A restricted stock unit is a promise from a company to give an employee shares of stock after certain conditions are met, like staying with the company for a set amount of time. It’s like earning a bonus that turns into company stock once you’ve proven your commitment, making it a way to motivate and reward employees.
beneficially own financial
"may be deemed to beneficially own these shares. Mr. Lubar disclaims beneficial ownership in the shares owned by LEF"
Beneficially own means having the economic rights and risks of a security—such as the right to receive dividends, sell the shares, or profit from price changes—whether or not your name appears on the official share register. Think of it like renting a car: you use it and reap the benefits even if the title lists someone else.

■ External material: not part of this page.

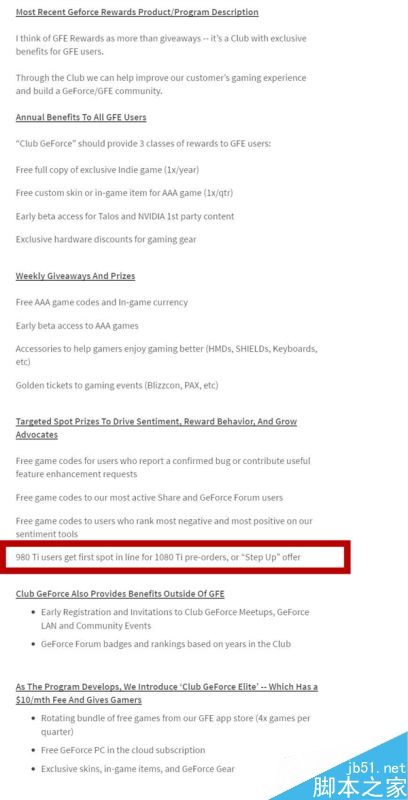 这份寻求GeForce,Gamer Loyalty&Advocacy的高级市场经理的领英文案中,NVIDIA反常地着墨了很多,其中透露,980 Ti的用户(参与GFE)此次将会率先预购到GTX 1080 Ti。

Investors care because beneficial ownership determines who truly controls value, must be disclosed under securities rules, and can signal potential influence or trading activity that affects a stock’s price.
pecuniary interest financial
"Lubar disclaims beneficial ownership in the shares owned by LEF, except to the extent of his respective pecuniary interest therein."

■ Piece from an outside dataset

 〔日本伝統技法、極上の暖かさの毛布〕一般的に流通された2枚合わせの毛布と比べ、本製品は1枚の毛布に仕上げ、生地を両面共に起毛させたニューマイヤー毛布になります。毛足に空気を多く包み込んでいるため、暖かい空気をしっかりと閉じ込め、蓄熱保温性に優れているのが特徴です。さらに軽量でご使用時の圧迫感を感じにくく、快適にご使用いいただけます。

voting and dispositive power financial
"Lubar & Co. serves as investment manager over, and exercises in its sole discretion the entire voting and dispositive power"
Second Amended and Restated 2008 Restricted Stock Unit Plan financial
"Vested shares will be delivered to the reporting person pursuant to the terms of the Second Amended and Restated 2008 Restricted Stock Unit Plan."
FAQ
What did Hallador Energy (HNRG) director David J. Lubar receive in this Form 4 filing?
David J. Lubar received 6,316 Restricted Stock Units (RSUs) as his total annual equity compensation for serving on Hallador Energy’s board. Each RSU can convert into one share of common stock under the company’s restricted stock unit plan.
How do the 6,316 RSUs for HNRG’s David J. Lubar work?
Each of the 6,316 RSUs represents a contingent right to receive one Hallador Energy common share. Delivery of shares will occur pursuant to the Second Amended and Restated 2008 Restricted Stock Unit Plan after the units vest under the plan terms.
When do David J. Lubar’s Hallador Energy RSUs vest?
The 6,316 RSUs will fully vest on May 27, 2027, provided Lubar continues his service through that date. Vesting and settlement remain subject to the conditions in Hallador Energy’s Second Amended and Restated 2008 Restricted Stock Unit Plan and applicable award agreement.
What indirect HNRG holdings are associated with David J. Lubar’s investment entities?
The filing lists shares held by Lubar Equity Fund LLC, Lubar Opportunity Fund I, and SM Opportunity Fund LLC, with Lubar & Co. as investment manager holding voting and dispositive power. Lubar may be deemed a beneficial owner but disclaims ownership beyond his pecuniary interest.
Is David J. Lubar’s RSU grant a market purchase or sale of HNRG stock?
No, the 6,316-unit grant is a compensation-related award, not an open-market trade. It is classified as a grant or award acquisition under code A and reflects equity compensation for board service rather than a discretionary stock purchase or sale.